A horror-show freak for the few minutes he, it, lived.
‘I want to know what’s really going on, Maddy.’
‘I want to know more about this Waldstein fella. Aye, and more about this agency,’ said Liam. ‘And the only way I see it is… we have to keep on doing what we’re doing. Even if we have to move somewhere else and continue doing it there.’
Maddy tapped the table gently with her knuckles. Her attempt at calling their meeting to order. It took a few moments. She would’ve been quicker just telling the pair of them to shut up. But also a touch rude.
‘OK, it’s agreed, then. We relocate and we’ll set things up again.’ She looked at them all. ‘And we will continue keeping this timeline on track while we’re still able to. Because — look — whatever’s really going on, if we’re being played for fools, if we’re being manipulated by Waldstein somehow… or someone else inside his agency or someone outside, the truth is… I know what we’re doing is the right thing. And that’s the only, literally the only, certainty we can grab hold of.’
The other two nodded. They’d seen enough alternate timelines to know there could be far worse ways history could play out than the way it was now.
‘For better or worse, right, Foster?’
The old man nodded. ‘For better or worse, history needs to stay on track.’
‘OK… OK, this is what I’m thinking we do.’ Maddy pushed her glasses up the bridge of her nose. ‘We head north to Boston.’
‘Why? What’s so special about Boston?’ asked Foster.
‘It’s my home.’
Liam looked up from his burger. ‘You want to go to your home?’
‘It’s my home turf,’ she said. ‘I grew up there. I know the area. And look, maybe we can get some help. My folks — ’
‘You can’t go to your home, Maddy,’ said Foster.
‘Why not?’
Sal’s eyes widened. ‘Jahulla! You’ll be there already, won’t you? Another you?’
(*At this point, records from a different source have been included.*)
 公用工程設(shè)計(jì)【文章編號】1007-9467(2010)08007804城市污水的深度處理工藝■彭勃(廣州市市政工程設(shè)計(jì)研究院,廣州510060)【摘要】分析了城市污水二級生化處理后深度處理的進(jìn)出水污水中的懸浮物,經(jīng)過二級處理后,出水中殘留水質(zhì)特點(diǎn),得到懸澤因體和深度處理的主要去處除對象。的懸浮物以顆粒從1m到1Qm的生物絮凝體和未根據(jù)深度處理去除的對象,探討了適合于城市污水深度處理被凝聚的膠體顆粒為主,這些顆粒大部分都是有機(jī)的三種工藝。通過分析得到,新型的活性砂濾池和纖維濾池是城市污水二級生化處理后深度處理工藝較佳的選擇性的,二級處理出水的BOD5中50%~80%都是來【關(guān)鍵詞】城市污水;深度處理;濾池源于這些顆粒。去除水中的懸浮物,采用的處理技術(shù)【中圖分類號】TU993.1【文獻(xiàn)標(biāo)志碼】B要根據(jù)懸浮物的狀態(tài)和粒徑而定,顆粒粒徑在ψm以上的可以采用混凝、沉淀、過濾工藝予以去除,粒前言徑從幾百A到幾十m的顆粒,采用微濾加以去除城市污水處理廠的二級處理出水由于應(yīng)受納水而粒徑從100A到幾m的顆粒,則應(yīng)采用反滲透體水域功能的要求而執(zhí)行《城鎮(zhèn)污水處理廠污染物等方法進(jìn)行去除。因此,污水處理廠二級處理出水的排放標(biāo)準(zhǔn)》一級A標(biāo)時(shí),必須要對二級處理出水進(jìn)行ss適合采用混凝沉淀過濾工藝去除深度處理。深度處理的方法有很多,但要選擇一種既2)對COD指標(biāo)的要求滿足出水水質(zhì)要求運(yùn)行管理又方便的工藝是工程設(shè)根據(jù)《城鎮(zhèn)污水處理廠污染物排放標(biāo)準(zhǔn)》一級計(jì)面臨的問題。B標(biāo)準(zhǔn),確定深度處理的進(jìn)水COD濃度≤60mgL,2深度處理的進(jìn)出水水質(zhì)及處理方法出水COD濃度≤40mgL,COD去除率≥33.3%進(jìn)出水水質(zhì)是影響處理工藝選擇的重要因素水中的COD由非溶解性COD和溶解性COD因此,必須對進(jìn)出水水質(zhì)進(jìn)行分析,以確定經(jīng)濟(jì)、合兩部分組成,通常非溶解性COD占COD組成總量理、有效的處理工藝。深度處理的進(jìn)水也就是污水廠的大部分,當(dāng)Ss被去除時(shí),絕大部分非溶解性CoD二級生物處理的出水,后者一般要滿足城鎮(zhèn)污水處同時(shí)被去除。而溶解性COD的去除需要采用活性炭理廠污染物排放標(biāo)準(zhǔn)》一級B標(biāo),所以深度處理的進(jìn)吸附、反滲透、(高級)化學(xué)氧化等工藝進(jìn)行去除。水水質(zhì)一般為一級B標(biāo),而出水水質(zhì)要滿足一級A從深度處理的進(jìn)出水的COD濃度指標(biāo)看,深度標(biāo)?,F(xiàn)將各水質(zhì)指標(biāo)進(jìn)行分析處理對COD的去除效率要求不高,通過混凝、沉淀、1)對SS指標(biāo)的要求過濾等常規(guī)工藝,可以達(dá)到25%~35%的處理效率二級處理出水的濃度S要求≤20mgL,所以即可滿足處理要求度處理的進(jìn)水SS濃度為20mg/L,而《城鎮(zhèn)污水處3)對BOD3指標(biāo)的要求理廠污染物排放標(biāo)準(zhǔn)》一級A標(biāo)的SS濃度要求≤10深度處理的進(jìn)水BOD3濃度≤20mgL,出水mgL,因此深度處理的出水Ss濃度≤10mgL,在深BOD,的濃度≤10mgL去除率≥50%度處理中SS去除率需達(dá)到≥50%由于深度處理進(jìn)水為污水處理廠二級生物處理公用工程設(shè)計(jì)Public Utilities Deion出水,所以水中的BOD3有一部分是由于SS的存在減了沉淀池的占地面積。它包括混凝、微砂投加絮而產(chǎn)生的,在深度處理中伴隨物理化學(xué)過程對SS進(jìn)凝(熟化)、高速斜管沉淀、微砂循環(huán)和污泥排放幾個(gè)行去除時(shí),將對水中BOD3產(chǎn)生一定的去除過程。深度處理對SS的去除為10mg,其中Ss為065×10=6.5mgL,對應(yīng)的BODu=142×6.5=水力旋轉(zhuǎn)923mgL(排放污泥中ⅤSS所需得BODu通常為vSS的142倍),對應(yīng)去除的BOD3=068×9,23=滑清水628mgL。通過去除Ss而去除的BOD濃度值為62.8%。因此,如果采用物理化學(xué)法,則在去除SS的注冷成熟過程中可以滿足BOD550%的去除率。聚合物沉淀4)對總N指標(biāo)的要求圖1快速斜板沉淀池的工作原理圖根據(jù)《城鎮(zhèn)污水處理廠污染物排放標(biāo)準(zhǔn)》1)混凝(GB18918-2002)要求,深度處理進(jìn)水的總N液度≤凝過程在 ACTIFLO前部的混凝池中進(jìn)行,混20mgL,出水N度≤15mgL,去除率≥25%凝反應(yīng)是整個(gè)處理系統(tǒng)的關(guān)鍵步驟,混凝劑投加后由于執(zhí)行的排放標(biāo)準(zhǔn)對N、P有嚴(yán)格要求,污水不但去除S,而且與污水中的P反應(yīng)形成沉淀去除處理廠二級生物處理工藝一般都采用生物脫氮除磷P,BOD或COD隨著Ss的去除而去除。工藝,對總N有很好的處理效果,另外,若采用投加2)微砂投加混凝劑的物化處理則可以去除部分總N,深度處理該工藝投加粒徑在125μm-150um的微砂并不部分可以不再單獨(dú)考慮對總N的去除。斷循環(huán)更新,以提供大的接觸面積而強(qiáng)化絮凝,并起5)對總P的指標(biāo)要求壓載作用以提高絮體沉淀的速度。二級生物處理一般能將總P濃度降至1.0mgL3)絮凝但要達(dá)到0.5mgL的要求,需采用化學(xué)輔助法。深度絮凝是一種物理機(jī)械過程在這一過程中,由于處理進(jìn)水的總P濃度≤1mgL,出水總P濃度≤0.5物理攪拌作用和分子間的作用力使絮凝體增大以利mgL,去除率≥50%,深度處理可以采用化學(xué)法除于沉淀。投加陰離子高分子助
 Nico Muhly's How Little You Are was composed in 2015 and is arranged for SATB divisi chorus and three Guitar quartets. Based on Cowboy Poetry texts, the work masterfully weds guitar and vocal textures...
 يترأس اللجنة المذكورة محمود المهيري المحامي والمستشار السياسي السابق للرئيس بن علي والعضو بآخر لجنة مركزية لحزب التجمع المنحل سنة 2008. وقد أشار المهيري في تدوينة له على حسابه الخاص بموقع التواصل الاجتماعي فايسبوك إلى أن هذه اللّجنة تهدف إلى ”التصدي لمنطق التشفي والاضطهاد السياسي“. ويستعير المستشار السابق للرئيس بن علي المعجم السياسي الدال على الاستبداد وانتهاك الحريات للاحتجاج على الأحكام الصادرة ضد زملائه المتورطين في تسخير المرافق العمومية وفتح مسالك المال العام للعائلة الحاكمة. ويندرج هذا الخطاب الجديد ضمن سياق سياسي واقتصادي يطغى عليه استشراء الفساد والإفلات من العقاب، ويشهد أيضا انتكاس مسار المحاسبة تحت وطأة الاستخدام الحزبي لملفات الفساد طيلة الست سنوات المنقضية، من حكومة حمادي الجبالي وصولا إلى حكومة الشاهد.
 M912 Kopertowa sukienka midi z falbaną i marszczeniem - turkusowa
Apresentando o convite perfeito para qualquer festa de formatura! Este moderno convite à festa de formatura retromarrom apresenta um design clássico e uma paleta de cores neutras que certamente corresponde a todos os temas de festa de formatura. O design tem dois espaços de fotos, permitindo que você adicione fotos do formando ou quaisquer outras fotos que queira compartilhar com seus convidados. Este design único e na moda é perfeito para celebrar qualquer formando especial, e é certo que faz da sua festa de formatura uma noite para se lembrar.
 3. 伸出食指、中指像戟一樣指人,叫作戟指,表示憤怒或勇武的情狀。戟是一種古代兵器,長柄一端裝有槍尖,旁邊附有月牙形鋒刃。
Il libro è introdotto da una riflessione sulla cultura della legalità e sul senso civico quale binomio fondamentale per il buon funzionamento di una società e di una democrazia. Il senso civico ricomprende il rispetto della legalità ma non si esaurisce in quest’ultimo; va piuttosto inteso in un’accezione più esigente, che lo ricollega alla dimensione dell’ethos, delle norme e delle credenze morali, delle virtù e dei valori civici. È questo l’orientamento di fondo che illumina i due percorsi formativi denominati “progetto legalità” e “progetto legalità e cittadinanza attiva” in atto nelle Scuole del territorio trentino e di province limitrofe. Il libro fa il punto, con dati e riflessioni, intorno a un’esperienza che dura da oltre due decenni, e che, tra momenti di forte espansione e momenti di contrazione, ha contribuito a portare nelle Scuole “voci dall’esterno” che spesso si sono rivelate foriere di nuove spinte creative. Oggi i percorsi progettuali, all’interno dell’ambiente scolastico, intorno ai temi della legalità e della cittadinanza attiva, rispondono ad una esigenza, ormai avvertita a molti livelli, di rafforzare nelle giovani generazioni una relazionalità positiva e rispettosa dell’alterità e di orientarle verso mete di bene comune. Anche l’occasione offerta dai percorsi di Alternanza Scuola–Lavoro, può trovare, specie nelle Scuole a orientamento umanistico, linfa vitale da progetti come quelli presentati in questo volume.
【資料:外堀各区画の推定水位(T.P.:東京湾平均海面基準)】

Liam stopped chewing. Dawning realization on his face too. ‘You’d be a little girl! There’d be a little Maddy there!’
‘Nine.’ Maddy nodded. ‘Yes, I’d be nine.’
‘Madelaine,’ said Foster. ‘You cannot visit your family, you cannot visit yourself. Do you understand me? That’s a very dangerous contamination!’
She stared at him silently for a long while before finally, reluctantly nodding. ‘All right. I get it. OK, I won’t visit home. It was just an idea. But listen! I know the area. There are places I know where we could set up. If we’re going to ground, it’s better we head somewhere that someone knows. Right?’
‘Somewhere we can easily tap power?’ said Rashim. ‘We’d need that if you want a viable new place to operate from.’
‘Sure. There’s loads of places we could settle in. There’s industrial parks. We could rent a unit, pretend to be some small business or something.’
Liam nodded, encouraged that she seemed to have already given the move some thought. ‘Seems like a plan, so.’
Sal smiled. ‘A new home. I’d like that.’
Foster seemed less than happy. ‘It’s a danger, Maddy. And a temptation. To be so close to your childhood home.’
‘I won’t go home! OK? I promise! I mean… what’s the alternative? We stick a random pin in a map of America and just hope for the best?’ Her burrito drooled gunk on to her plate with an unappealing splat. ‘Seriously, guys. If anyone else has got a better suggestion… I’m all ears.’
No one, of course, did.
‘Then that’s all I’ve got. Boston. It’s a start. What do you guys say?’
Liam and Sal nodded.
‘Uhh… so does that answer your earlier question?’ asked Rashim.
‘What’s that?’
‘Whether I’m coming along?’ Rashim looked sheepish. ‘Am I in your… what do you call it? Your team?’